Traduite depuis peu en français, Ann Cleeves est l’auteur prolifique de quatre séries policières parmi lesquelles les enquêtes de Vera Stanhope dont le deuxième volet vient de paraître. "Morts sur la lande" (Belfond, 354 pp., env. 20€) se déroule dans les vastes campagnes maritimes du Yorkshire. Elvet, petit village où tout s’épie, vient d’apprendre le suicide, en prison, de Jeanie Long. Celle-ci avait toujours clamé son innocence, mais il était plus facile de l’imaginer commettre le meurtre de la jeune Abigail plutôt que de chercher un autre coupable. Mais un nouveau témoignage vient secouer une communauté peu encline à revivre son passé. Poussée par un second crime, Vera Stanhope - qui fait penser au Columbo télévisuel - est, elle, déterminée à démasquer le vrai coupable.

"Le seul moyen de comprendre sa propre vie, c'était de la transformer en fiction", écrivez-vous.

J’essaie de dire par là que nous créons des récits autour de nos vies, que ce soit pour expliquer, justifier ou idéaliser nos faits et gestes. Le titre anglais de "Morts sur la lande" est "Telling Tales". Dans ce roman, les personnages refusent d’affronter la réalité, préférant le rêve et le mensonge. À Vera de démasquer ces fictions.

Parlant du crime et de la curiosité morbide, vous employez les termes "drame", "costumes" et "spectacle". Pourquoi ?

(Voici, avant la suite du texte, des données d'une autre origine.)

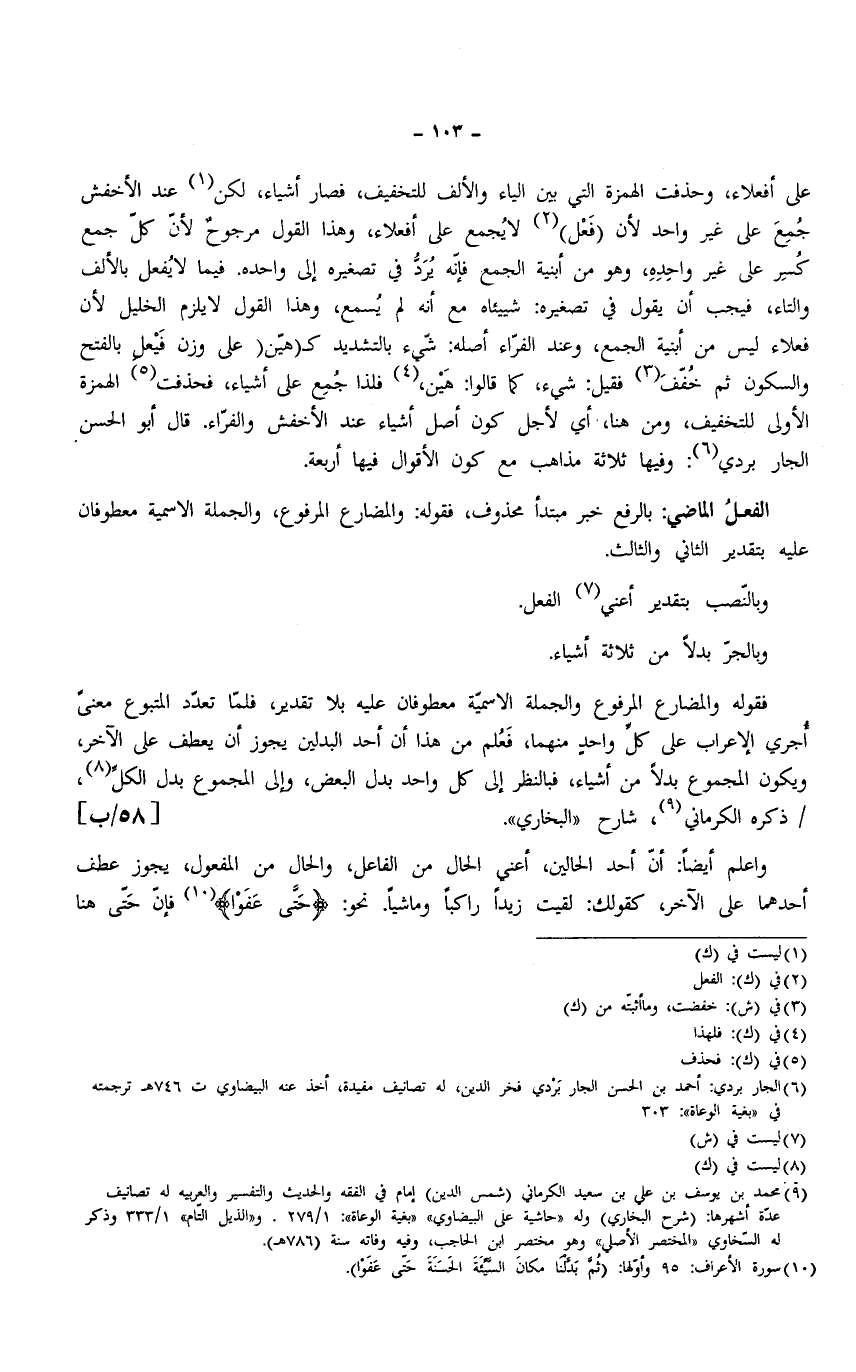 على أفعلاء، وحذفت الهمزة التي بين الياء والألف للتخفيف، فصار أشياء، لكن عند الأخفش جُمِعَ على غير واحد لأن (فَعْل) لا يُجمع على أفعلاء، وهذا القول مرجوحٌ لأن كل جمع كُسر على غير واحِدِهِ، وهو من أبنية الجمع فإنه يُرَد في تصغيره إلى واحده. فيما لا يُفعل بالألف والتاء، فيجب أن يقول في تصغيره: شييئاه مع أنه لم يُسمع، وهذا القول لا يلزم الخليل لأن فعلاء ليس من أبنية الجمع، وعند الفراء أصله: شيء بالتشديد كـ (هين) على وزن فَيْعل بالفتح والسكون ثم خُفّفَ فقيل: شيء، كما قالوا: هَيْن، فلذا جُمِع على أشياء، فحذفت الهمزة الأولى للتخفيف، ومن هنا, أي لأجل كون أصل أشياء عند الأخفش والفراء. قال أبو الحسن الجار بردي: وفيها ثلاثة مذاهب مع كون الأقوال فيها أربعة.

Je pense qu’écrire est un peu comme faire du théâtre. L’auteur doit voir le monde à travers les yeux de ses personnages: elle se tient dans leurs chaussures. Comme un acteur, je suis curieuse des gens autour de moi. J’écoute les conversations dans les restaurants et les bars. Ce qui embarrasse considérablement mes enfants!

Pourquoi avez-vous choisi d'écrire dans la veine du suspense ?

J’écris des histoires de crime parce que c’est ce que j’aime lire. Quand j’étais très jeune, j’ai commencé un texte qui, je l’espérais, deviendrait un roman de haute littérature. Mais à mi-parcours, je me suis dit: est-ce vraiment ce que je voudrais lire? Non! Même lorsque j’étudiais la littérature à l’université, les lectures qui me plaisaient étaient des histoires de crime. De même, je ne suis pas convaincante dans l’écriture de complots. Or dans les romans à suspense, le complot est scellé à l’avance: il y a un meurtre, un nombre limité de suspects et un dénouement. Cela me laisse de l’espace pour explorer les thèmes qui m’intéressent: la famille, les relations entre les êtres, les lieux.

Quels sont les auteurs qui vous ont influencée ?

Ce sont surtout des Européens de la veine du crime. J’apprécie les Scandinaves comme Karin Fossum, Henning Mankell et Stieg Larsson. Il y a une clarté et une économie dans leur écriture que je trouve intéressante. Mais je pense aussi aux Français Dominique Manotti et Fred Vargas.

D'Agatha Christie à Mary Higgins Clark, la plupart des écrivains du crime sont des femmes. Pourquoi selon vous ?

C’était certainement vrai pour le crime classique, mais aujourd’hui, en Grande-Bretagne, les hommes ont pris le dessus. Ian Rankin est de loin le plus grand vendeur. Les femmes excellent dans l’écriture classique de crimes parce que nous pouvons mener plusieurs tâches de front, faire progresser les différentes strates d’une histoire en même temps. Et ce genre de fiction - celle écrite par P.D. James et Ruth Rendell, par exemple - est souvent calme et intérieure.